My hunch is that if you start removing even a chunk of that material from their training datasets, the output could feel much further removed from the best of human musicality.
You don’t get drums that swing like that. Or a horn section that pops like that. Or amazing vocals like that by accident or by training on anything less than the best music by the best artists the world has ever known. Those things aren’t abstractions. They’re the accumulation of very specific musical decisions, made by very extraordinary people, over time.

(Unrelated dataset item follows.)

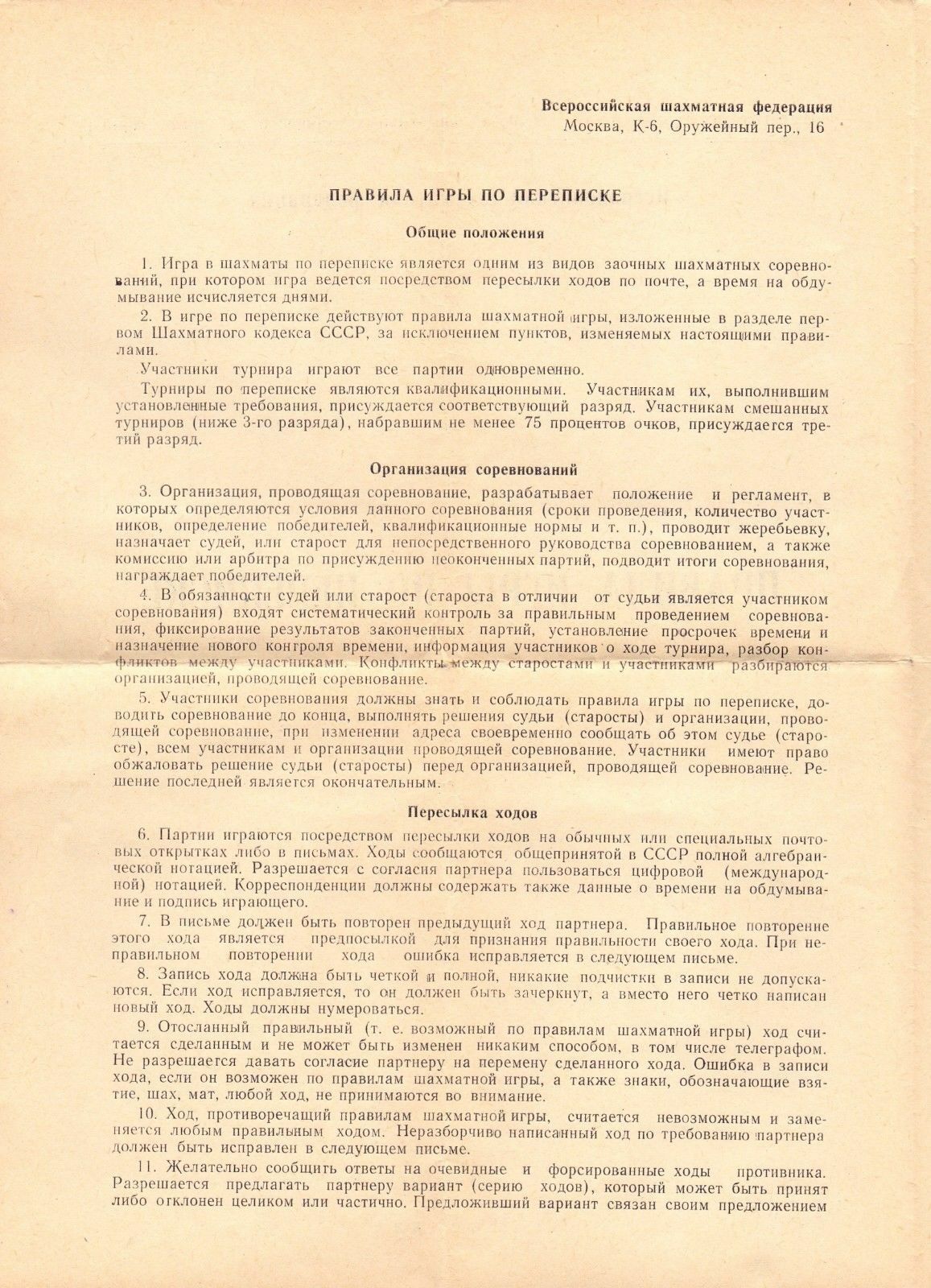 SOVIET CHESS BROCHURE "CORRESPONDENCE CHESS RULES" USSR

This isn’t to suggest that models trained on licensed datasets won’t eventually get more inclusive and qualitatively richer - they almost certainly will - but the path and timeline are fuzzy.
Whether major artists can be lured in at scale, through label pressure or financial incentives, is still an open question. And there’s no clear public information about what artists actually get in return.
Let me be clear. I’m not arguing that some grand war against the music robots has been won, leaving them forever in the “friend-zone”.
I’m writing this at a snapshot in time, about a subject that’s moving at breakneck speed. So while the general anxiety about whether gen AI music will have our heads on a pike by Spring has eased a bit, the situation remains fluid, and we’re still very early in understanding the longer-term effects these platforms will have on companies like ours, and on music creators more broadly.
The dust will settle at some point on the whole Suno/Udio/labels saga and the related legal questions. New AI music platforms and tools will continue to emerge, and brands, agencies, and creators will keep finding new ways to use them. Our collective taste will evolve, and the line between human-made and AI-generated music will blur.
But even if we get to a point where gen AI music is genuinely great and fully brand-safe, I doubt that will magically solve the hardest part of our job. Music still has to be interpreted, shaped, and pushed until it actually works for a specific brand, a specific moment, and a specific audience.
That’s the part of the process we spend most of our time on, working closely with incredible artists and collaborators to turn raw ideas into something that really resonates.
It’s hard for me to imagine that kind of creative instinct coming purely from datasets and prompts. I suspect a lot of it will still come from real conversations, real ears, real taste, and real people who’ve spent years living their craft.
So, for now, I’m feeling pretty good about the idea that there will continue to be creative folks at brands and agencies who recognize and value that difference. Optimistic? We shall see.